▶ **PROBLEM REQUIREMENTS**: Please output every entry below precisely as written.
====== DATA SECTION
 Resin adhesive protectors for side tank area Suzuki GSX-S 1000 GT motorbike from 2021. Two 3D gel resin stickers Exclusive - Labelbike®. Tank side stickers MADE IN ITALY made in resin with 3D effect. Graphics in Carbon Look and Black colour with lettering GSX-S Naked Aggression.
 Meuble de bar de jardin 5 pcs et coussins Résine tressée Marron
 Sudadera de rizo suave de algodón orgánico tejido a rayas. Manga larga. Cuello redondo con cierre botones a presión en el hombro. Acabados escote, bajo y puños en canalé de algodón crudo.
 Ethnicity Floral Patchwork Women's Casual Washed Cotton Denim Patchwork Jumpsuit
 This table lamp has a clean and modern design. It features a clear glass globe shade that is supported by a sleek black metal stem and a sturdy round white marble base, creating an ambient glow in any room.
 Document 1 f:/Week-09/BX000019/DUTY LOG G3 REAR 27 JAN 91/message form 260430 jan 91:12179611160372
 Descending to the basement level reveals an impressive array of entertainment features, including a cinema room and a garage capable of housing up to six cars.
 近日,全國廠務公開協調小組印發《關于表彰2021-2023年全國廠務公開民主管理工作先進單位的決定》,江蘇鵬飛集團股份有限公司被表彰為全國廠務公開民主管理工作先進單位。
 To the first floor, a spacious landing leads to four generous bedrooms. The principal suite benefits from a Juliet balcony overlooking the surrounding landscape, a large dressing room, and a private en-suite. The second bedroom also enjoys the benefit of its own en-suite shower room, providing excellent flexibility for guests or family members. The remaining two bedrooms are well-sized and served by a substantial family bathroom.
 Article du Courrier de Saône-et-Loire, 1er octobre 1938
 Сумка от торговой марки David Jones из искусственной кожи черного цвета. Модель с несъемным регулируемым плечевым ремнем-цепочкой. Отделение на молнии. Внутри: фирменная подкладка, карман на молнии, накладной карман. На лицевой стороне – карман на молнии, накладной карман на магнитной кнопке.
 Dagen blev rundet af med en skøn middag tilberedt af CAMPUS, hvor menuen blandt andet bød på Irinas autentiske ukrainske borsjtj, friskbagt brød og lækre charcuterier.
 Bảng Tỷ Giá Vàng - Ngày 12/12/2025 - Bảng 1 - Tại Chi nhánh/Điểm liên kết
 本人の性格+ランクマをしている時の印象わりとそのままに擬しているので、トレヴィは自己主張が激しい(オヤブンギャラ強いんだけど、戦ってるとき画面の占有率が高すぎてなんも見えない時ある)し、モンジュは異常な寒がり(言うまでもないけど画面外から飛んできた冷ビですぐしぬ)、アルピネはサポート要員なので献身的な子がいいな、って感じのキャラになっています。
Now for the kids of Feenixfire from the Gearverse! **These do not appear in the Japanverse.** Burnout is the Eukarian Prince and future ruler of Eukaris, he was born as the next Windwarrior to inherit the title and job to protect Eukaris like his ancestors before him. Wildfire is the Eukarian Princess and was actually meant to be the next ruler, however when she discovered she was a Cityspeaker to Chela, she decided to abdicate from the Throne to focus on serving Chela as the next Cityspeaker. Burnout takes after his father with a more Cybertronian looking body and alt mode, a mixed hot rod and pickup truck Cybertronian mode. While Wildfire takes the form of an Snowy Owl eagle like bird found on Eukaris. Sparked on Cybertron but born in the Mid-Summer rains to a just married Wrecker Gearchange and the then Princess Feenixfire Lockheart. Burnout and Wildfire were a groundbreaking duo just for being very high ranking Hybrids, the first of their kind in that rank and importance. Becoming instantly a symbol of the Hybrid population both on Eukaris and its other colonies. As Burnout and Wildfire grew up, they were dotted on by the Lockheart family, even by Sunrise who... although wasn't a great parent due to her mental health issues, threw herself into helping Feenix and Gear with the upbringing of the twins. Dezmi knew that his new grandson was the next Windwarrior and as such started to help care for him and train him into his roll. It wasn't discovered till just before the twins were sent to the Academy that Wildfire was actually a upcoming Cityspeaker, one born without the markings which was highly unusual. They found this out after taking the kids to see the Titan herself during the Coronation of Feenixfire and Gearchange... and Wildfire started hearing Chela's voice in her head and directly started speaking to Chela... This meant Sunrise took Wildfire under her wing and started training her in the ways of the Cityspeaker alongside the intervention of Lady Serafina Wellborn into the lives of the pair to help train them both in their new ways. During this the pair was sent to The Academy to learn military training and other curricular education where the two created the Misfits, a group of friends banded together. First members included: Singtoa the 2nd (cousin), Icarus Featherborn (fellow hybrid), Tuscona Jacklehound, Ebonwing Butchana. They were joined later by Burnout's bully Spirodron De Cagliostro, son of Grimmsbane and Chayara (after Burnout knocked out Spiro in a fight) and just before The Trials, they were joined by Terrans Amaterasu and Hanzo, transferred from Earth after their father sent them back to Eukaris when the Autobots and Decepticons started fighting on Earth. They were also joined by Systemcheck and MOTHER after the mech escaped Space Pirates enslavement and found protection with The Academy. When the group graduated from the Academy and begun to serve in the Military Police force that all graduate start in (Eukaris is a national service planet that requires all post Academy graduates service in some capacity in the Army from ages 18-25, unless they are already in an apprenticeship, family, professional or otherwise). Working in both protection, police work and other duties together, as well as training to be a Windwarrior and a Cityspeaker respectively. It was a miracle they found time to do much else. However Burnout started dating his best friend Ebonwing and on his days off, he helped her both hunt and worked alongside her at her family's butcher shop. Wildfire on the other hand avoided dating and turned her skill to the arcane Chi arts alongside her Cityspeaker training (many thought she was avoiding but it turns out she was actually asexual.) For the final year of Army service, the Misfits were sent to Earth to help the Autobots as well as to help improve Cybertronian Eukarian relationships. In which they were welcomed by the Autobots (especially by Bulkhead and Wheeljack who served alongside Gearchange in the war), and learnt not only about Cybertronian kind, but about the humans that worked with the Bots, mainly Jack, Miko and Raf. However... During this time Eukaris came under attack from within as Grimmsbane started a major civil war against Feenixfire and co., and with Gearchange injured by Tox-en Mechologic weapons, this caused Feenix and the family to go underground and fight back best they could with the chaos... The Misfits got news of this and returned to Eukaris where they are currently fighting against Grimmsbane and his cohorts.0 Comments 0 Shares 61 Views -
============
▶ **ANSWER FOR THE TASK**:
 Resin adhesive protectors for side tank area Suzuki GSX-S 1000 GT motorbike from 2021. Two 3D gel resin stickers Exclusive - Labelbike®. Tank side stickers MADE IN ITALY made in resin with 3D effect. Graphics in Carbon Look and Black colour with lettering GSX-S Naked Aggression.
 Meuble de bar de jardin 5 pcs et coussins Résine tressée Marron
 Sudadera de rizo suave de algodón orgánico tejido a rayas. Manga larga. Cuello redondo con cierre botones a presión en el hombro. Acabados escote, bajo y puños en canalé de algodón crudo.
 Ethnicity Floral Patchwork Women's Casual Washed Cotton Denim Patchwork Jumpsuit
 This table lamp has a clean and modern design. It features a clear glass globe shade that is supported by a sleek black metal stem and a sturdy round white marble base, creating an ambient glow in any room.
 Document 1 f:/Week-09/BX000019/DUTY LOG G3 REAR 27 JAN 91/message form 260430 jan 91:12179611160372
 Descending to the basement level reveals an impressive array of entertainment features, including a cinema room and a garage capable of housing up to six cars.
 近日,全國廠務公開協調小組印發《關于表彰2021-2023年全國廠務公開民主管理工作先進單位的決定》,江蘇鵬飛集團股份有限公司被表彰為全國廠務公開民主管理工作先進單位。
 To the first floor, a spacious landing leads to four generous bedrooms. The principal suite benefits from a Juliet balcony overlooking the surrounding landscape, a large dressing room, and a private en-suite. The second bedroom also enjoys the benefit of its own en-suite shower room, providing excellent flexibility for guests or family members. The remaining two bedrooms are well-sized and served by a substantial family bathroom.
 Article du Courrier de Saône-et-Loire, 1er octobre 1938
 Сумка от торговой марки David Jones из искусственной кожи черного цвета. Модель с несъемным регулируемым плечевым ремнем-цепочкой. Отделение на молнии. Внутри: фирменная подкладка, карман на молнии, накладной карман. На лицевой стороне – карман на молнии, накладной карман на магнитной кнопке.
 Dagen blev rundet af med en skøn middag tilberedt af CAMPUS, hvor menuen blandt andet bød på Irinas autentiske ukrainske borsjtj, friskbagt brød og lækre charcuterier.
 Bảng Tỷ Giá Vàng - Ngày 12/12/2025 - Bảng 1 - Tại Chi nhánh/Điểm liên kết
 本人の性格+ランクマをしている時の印象わりとそのままに擬しているので、トレヴィは自己主張が激しい(オヤブンギャラ強いんだけど、戦ってるとき画面の占有率が高すぎてなんも見えない時ある)し、モンジュは異常な寒がり(言うまでもないけど画面外から飛んできた冷ビですぐしぬ)、アルピネはサポート要員なので献身的な子がいいな、って感じのキャラになっています。
Now for the kids of Feenixfire from the Gearverse! **These do not appear in the Japanverse.** Burnout is the Eukarian Prince and future ruler of Eukaris, he was born as the next Windwarrior to inherit the title and job to protect Eukaris like his ancestors before him. Wildfire is the Eukarian Princess and was actually meant to be the next ruler, however when she discovered she was a Cityspeaker to Chela, she decided to abdicate from the Throne to focus on serving Chela as the next Cityspeaker. Burnout takes after his father with a more Cybertronian looking body and alt mode, a mixed hot rod and pickup truck Cybertronian mode. While Wildfire takes the form of an Snowy Owl eagle like bird found on Eukaris. Sparked on Cybertron but born in the Mid-Summer rains to a just married Wrecker Gearchange and the then Princess Feenixfire Lockheart. Burnout and Wildfire were a groundbreaking duo just for being very high ranking Hybrids, the first of their kind in that rank and importance. Becoming instantly a symbol of the Hybrid population both on Eukaris and its other colonies. As Burnout and Wildfire grew up, they were dotted on by the Lockheart family, even by Sunrise who... although wasn't a great parent due to her mental health issues, threw herself into helping Feenix and Gear with the upbringing of the twins. Dezmi knew that his new grandson was the next Windwarrior and as such started to help care for him and train him into his roll. It wasn't discovered till just before the twins were sent to the Academy that Wildfire was actually a upcoming Cityspeaker, one born without the markings which was highly unusual. They found this out after taking the kids to see the Titan herself during the Coronation of Feenixfire and Gearchange... and Wildfire started hearing Chela's voice in her head and directly started speaking to Chela... This meant Sunrise took Wildfire under her wing and started training her in the ways of the Cityspeaker alongside the intervention of Lady Serafina Wellborn into the lives of the pair to help train them both in their new ways. During this the pair was sent to The Academy to learn military training and other curricular education where the two created the Misfits, a group of friends banded together. First members included: Singtoa the 2nd (cousin), Icarus Featherborn (fellow hybrid), Tuscona Jacklehound, Ebonwing Butchana. They were joined later by Burnout's bully Spirodron De Cagliostro, son of Grimmsbane and Chayara (after Burnout knocked out Spiro in a fight) and just before The Trials, they were joined by Terrans Amaterasu and Hanzo, transferred from Earth after their father sent them back to Eukaris when the Autobots and Decepticons started fighting on Earth. They were also joined by Systemcheck and MOTHER after the mech escaped Space Pirates enslavement and found protection with The Academy. When the group graduated from the Academy and begun to serve in the Military Police force that all graduate start in (Eukaris is a national service planet that requires all post Academy graduates service in some capacity in the Army from ages 18-25, unless they are already in an apprenticeship, family, professional or otherwise). Working in both protection, police work and other duties together, as well as training to be a Windwarrior and a Cityspeaker respectively. It was a miracle they found time to do much else. However Burnout started dating his best friend Ebonwing and on his days off, he helped her both hunt and worked alongside her at her family's butcher shop. Wildfire on the other hand avoided dating and turned her skill to the arcane Chi arts alongside her Cityspeaker training (many thought she was avoiding but it turns out she was actually asexual.) For the final year of Army service, the Misfits were sent to Earth to help the Autobots as well as to help improve Cybertronian Eukarian relationships. In which they were welcomed by the Autobots (especially by Bulkhead and Wheeljack who served alongside Gearchange in the war), and learnt not only about Cybertronian kind, but about the humans that worked with the Bots, mainly Jack, Miko and Raf. However... During this time Eukaris came under attack from within as Grimmsbane started a major civil war against Feenixfire and co., and with Gearchange injured by Tox-en Mechologic weapons, this caused Feenix and the family to go underground and fight back best they could with the chaos... The Misfits got news of this and returned to Eukaris where they are currently fighting against Grimmsbane and his cohorts.0 Comments 0 Shares 61 Views -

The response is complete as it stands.